▶ [Your goal] Nothing but the lines from the one with "The U.S. Navy" through the end of the material should be retyped, word for word and without pictures.

▶ [Data below]
--------------------------------

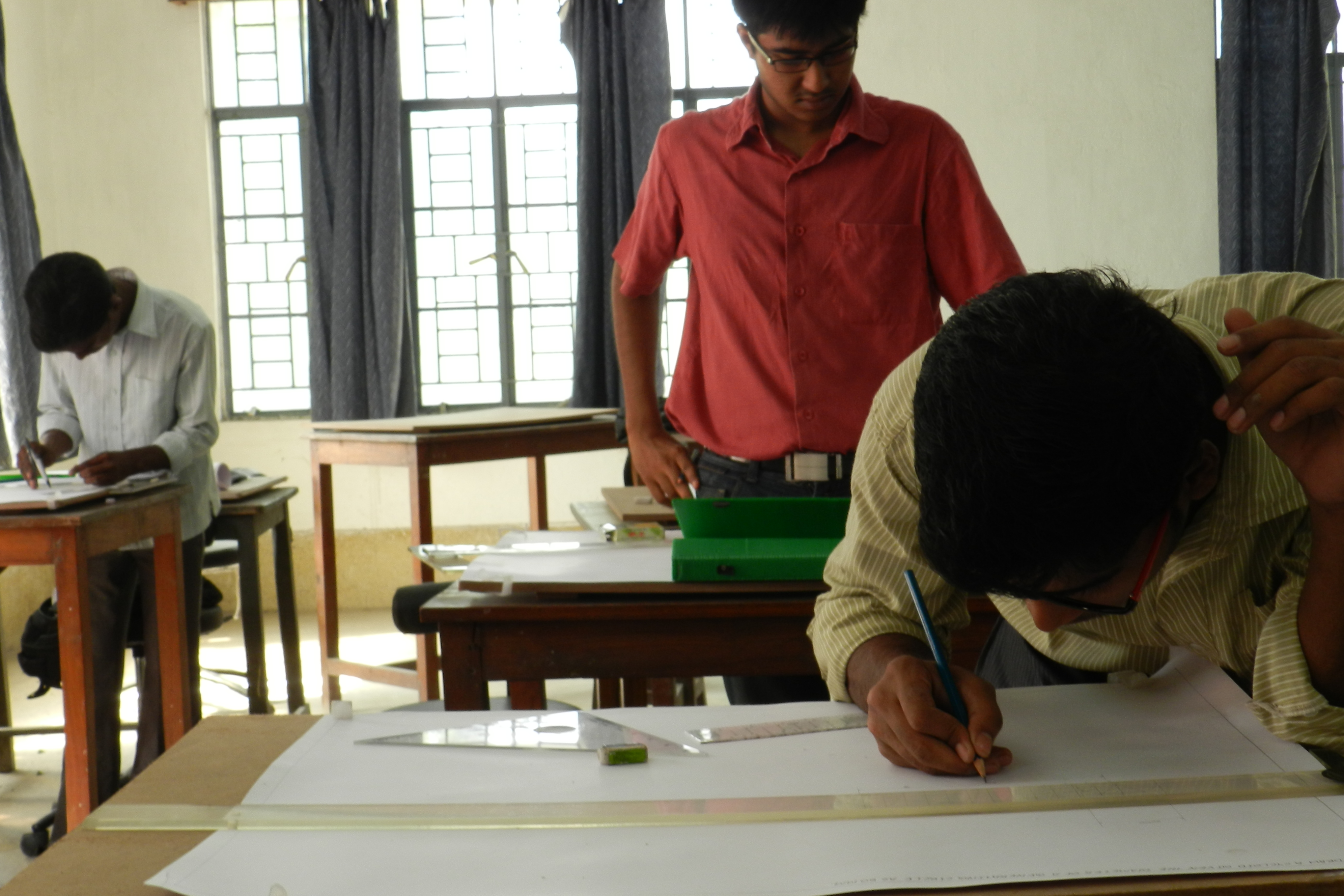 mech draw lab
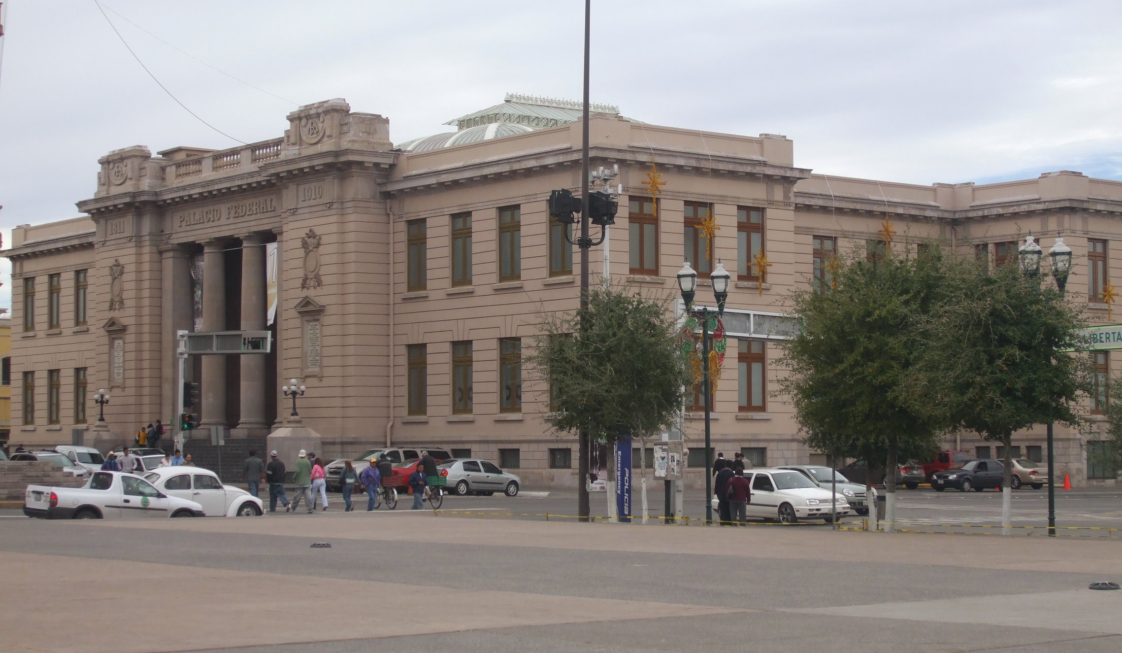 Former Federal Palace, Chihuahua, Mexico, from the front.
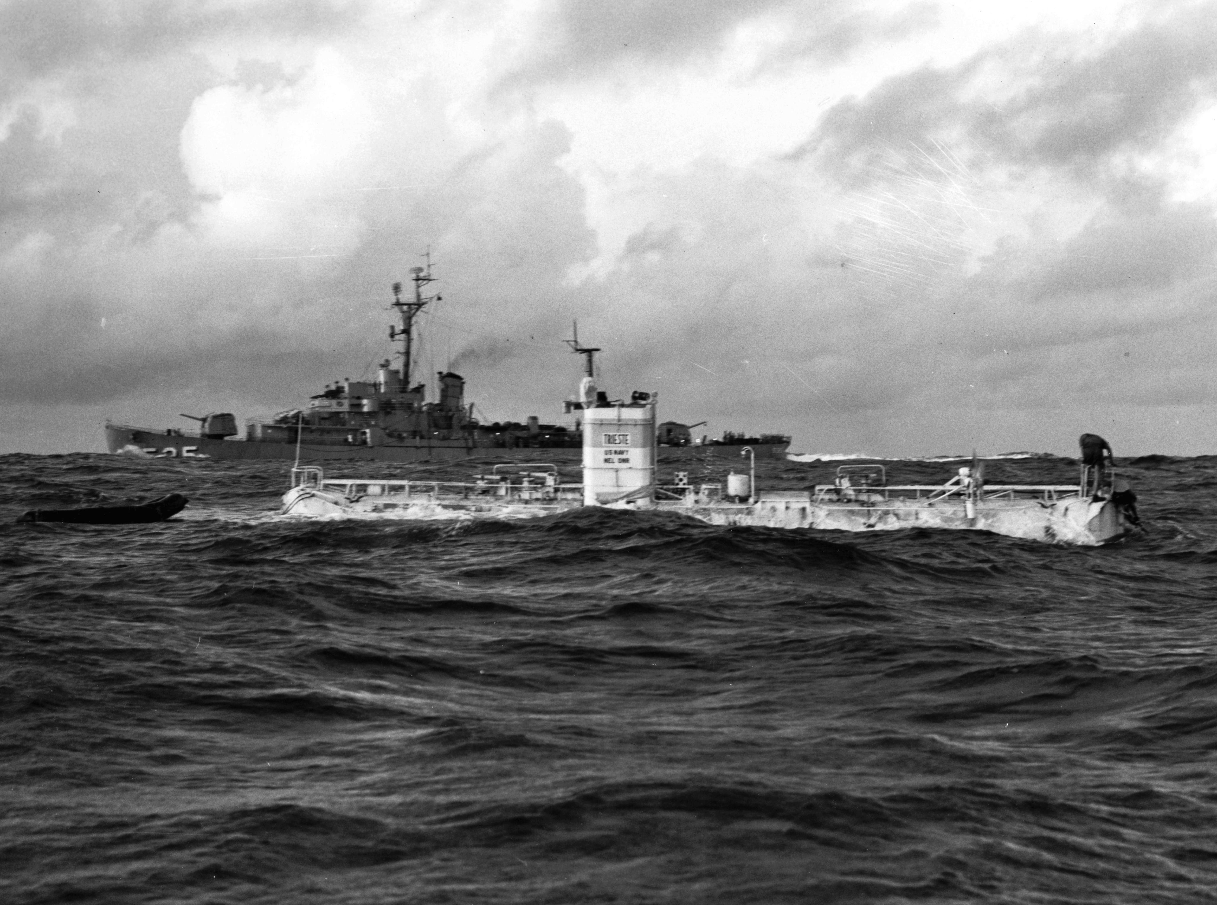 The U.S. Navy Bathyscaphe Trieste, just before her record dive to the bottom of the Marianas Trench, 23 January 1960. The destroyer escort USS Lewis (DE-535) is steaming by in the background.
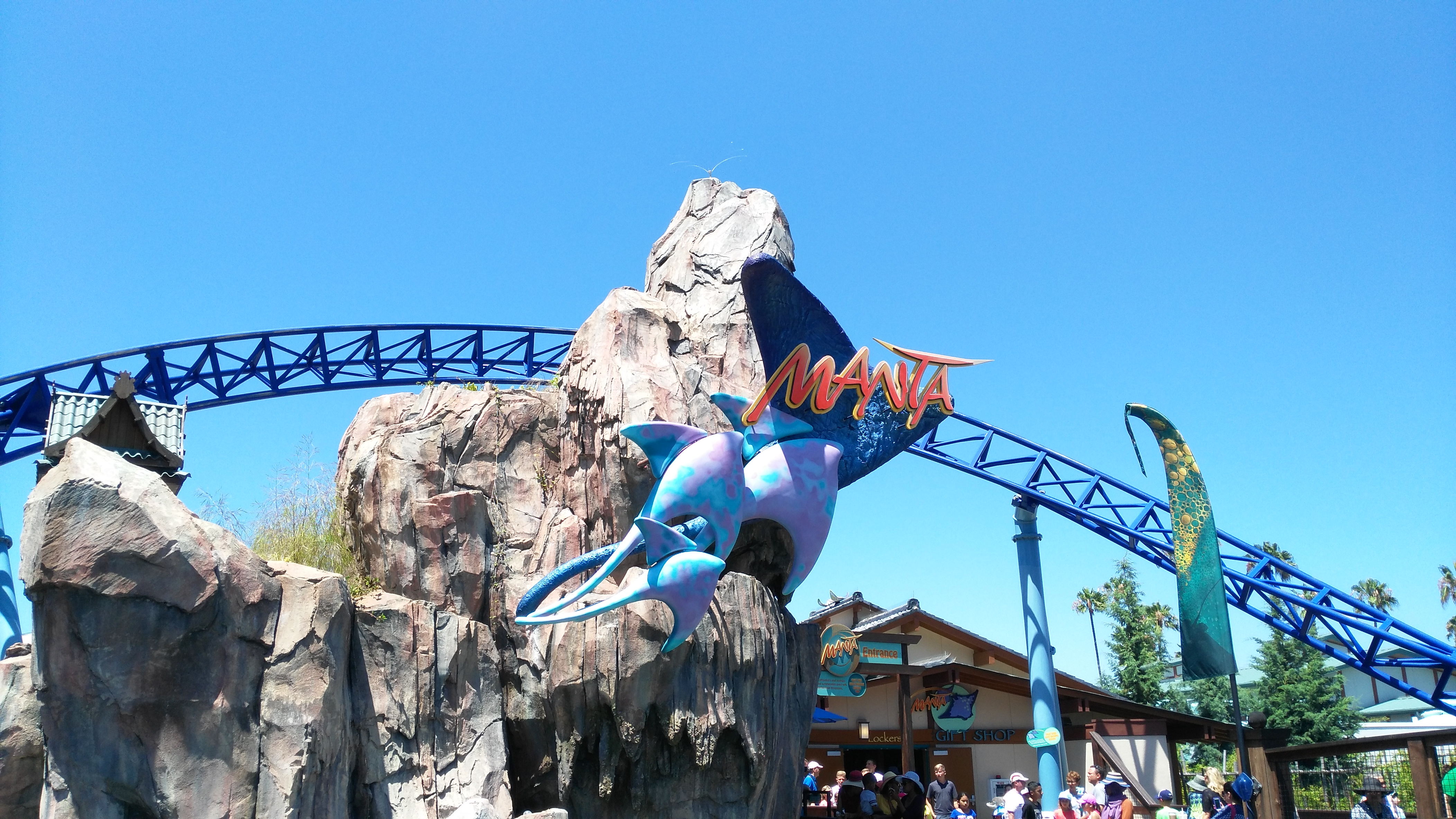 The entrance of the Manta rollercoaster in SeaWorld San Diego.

--------------------------------

▶ [Solved problem]
 The U.S. Navy Bathyscaphe Trieste, just before her record dive to the bottom of the Marianas Trench, 23 January 1960. The destroyer escort USS Lewis (DE-535) is steaming by in the background.
 The entrance of the Manta rollercoaster in SeaWorld San Diego.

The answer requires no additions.